_Brief:_ All pictures are to be omitted while the lines starting at the line with "Élégante parure composée" and ending at the line with "Goth Spider Rhinestone" in the material below are retyped exactly, both ends included.

_Data for review:_

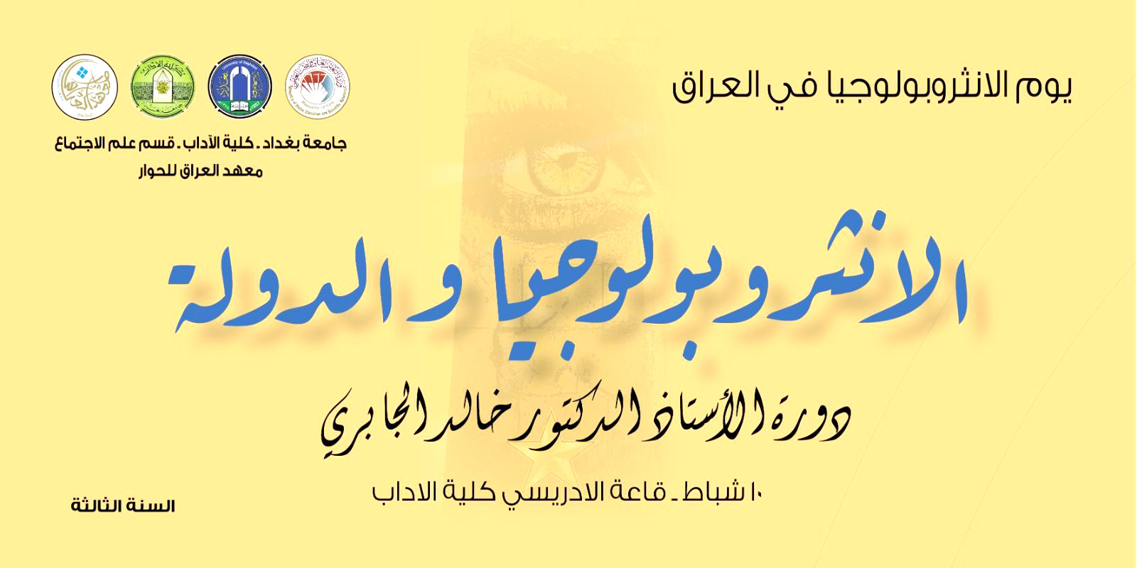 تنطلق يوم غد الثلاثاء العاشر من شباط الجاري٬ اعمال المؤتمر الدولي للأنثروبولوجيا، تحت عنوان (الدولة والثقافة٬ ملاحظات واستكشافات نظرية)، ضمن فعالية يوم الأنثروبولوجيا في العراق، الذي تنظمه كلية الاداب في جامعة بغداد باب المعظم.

--

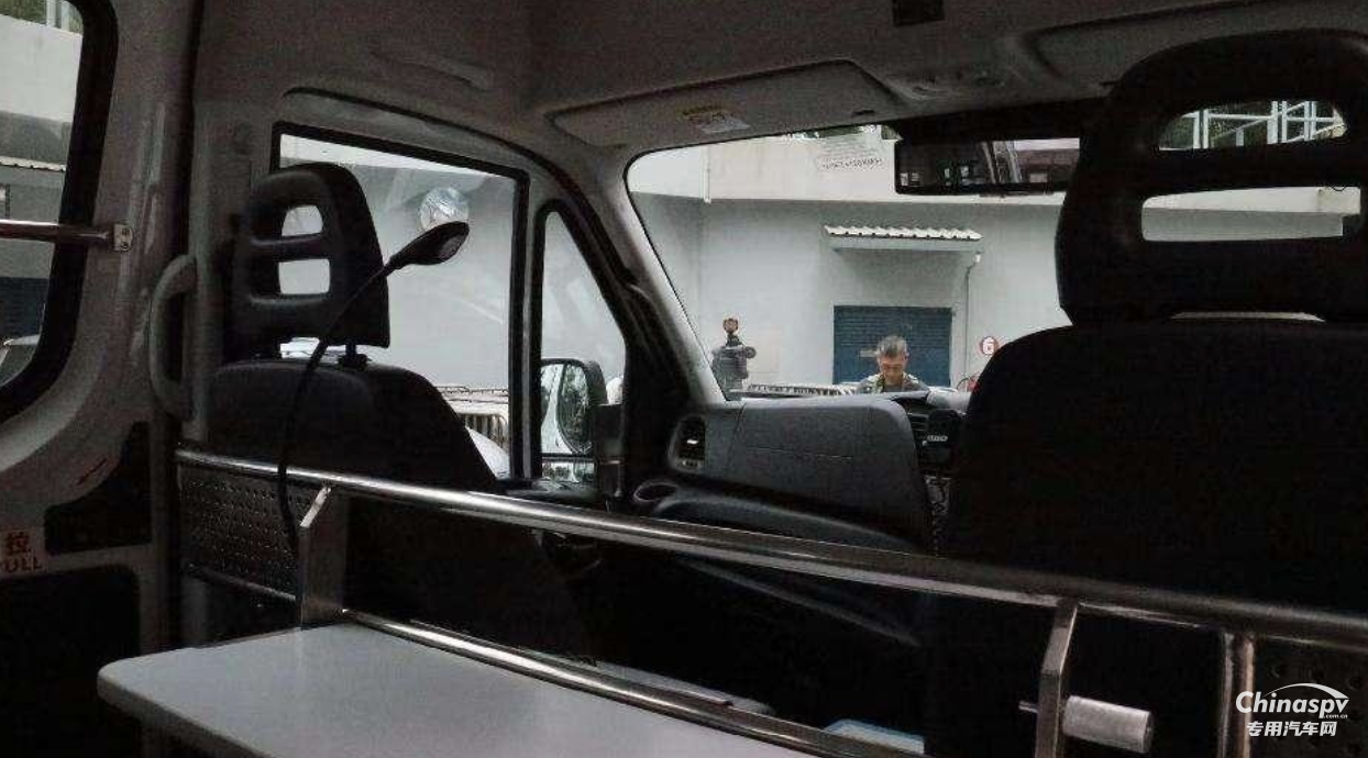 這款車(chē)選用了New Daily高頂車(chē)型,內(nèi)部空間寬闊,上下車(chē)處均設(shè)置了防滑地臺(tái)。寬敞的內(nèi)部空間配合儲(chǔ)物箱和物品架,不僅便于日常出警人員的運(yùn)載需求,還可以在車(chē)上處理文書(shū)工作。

--

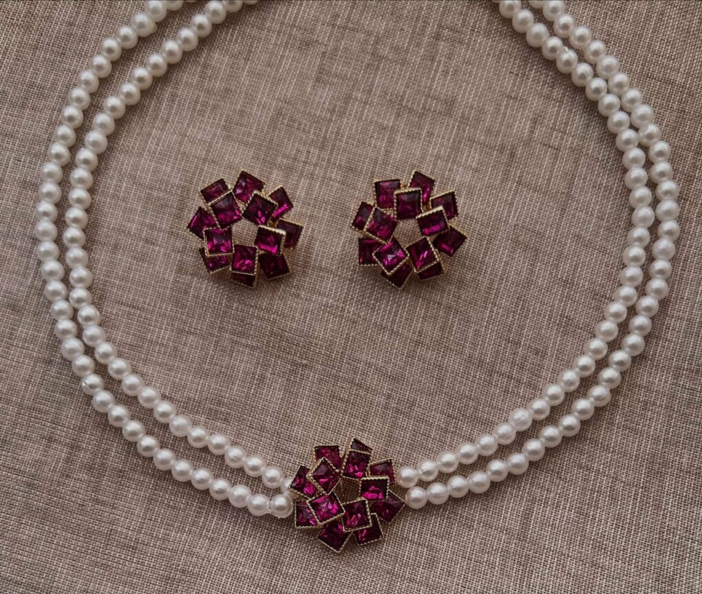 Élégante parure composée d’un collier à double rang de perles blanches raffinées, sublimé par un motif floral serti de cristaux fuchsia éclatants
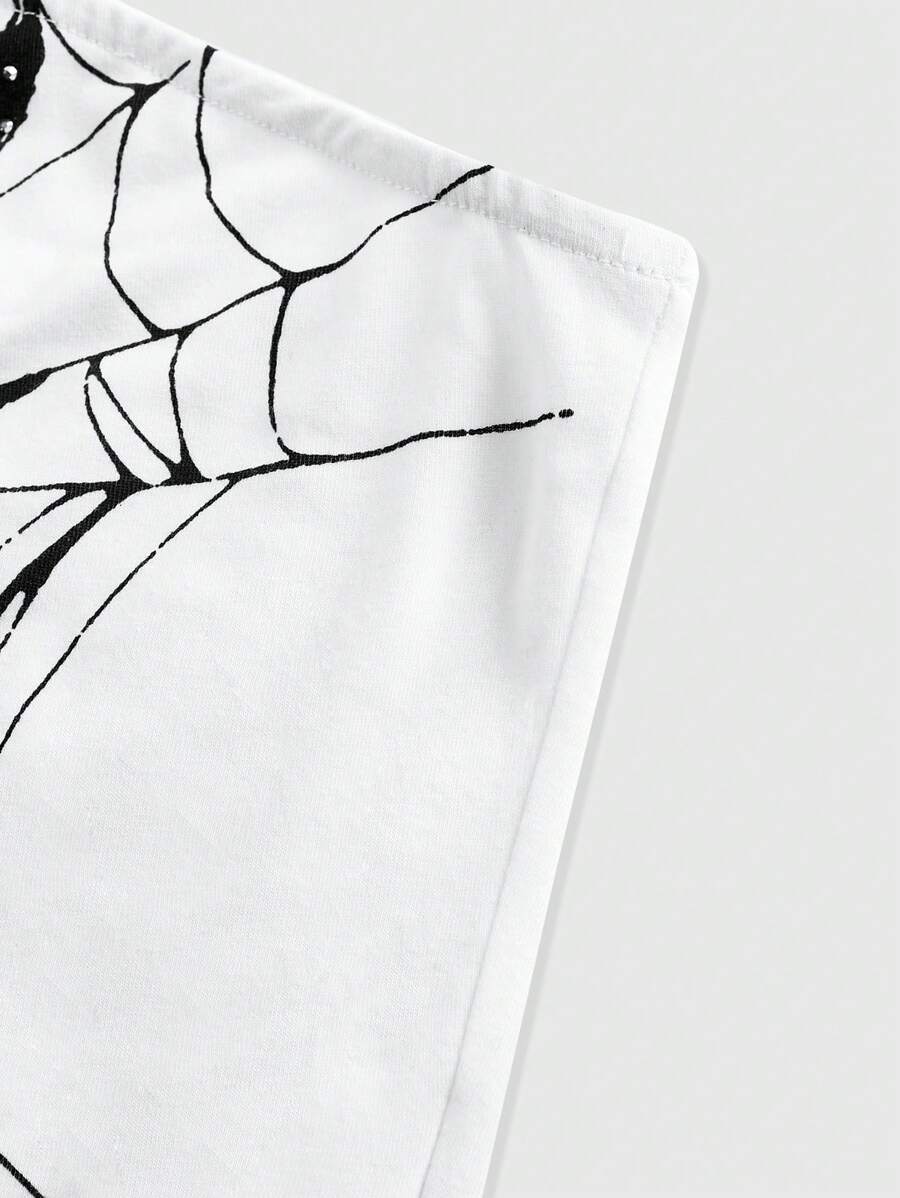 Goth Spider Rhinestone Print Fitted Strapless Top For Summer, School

_Written reply:_
 Élégante parure composée d’un collier à double rang de perles blanches raffinées, sublimé par un motif floral serti de cristaux fuchsia éclatants
 Goth Spider Rhinestone Print Fitted Strapless Top For Summer, School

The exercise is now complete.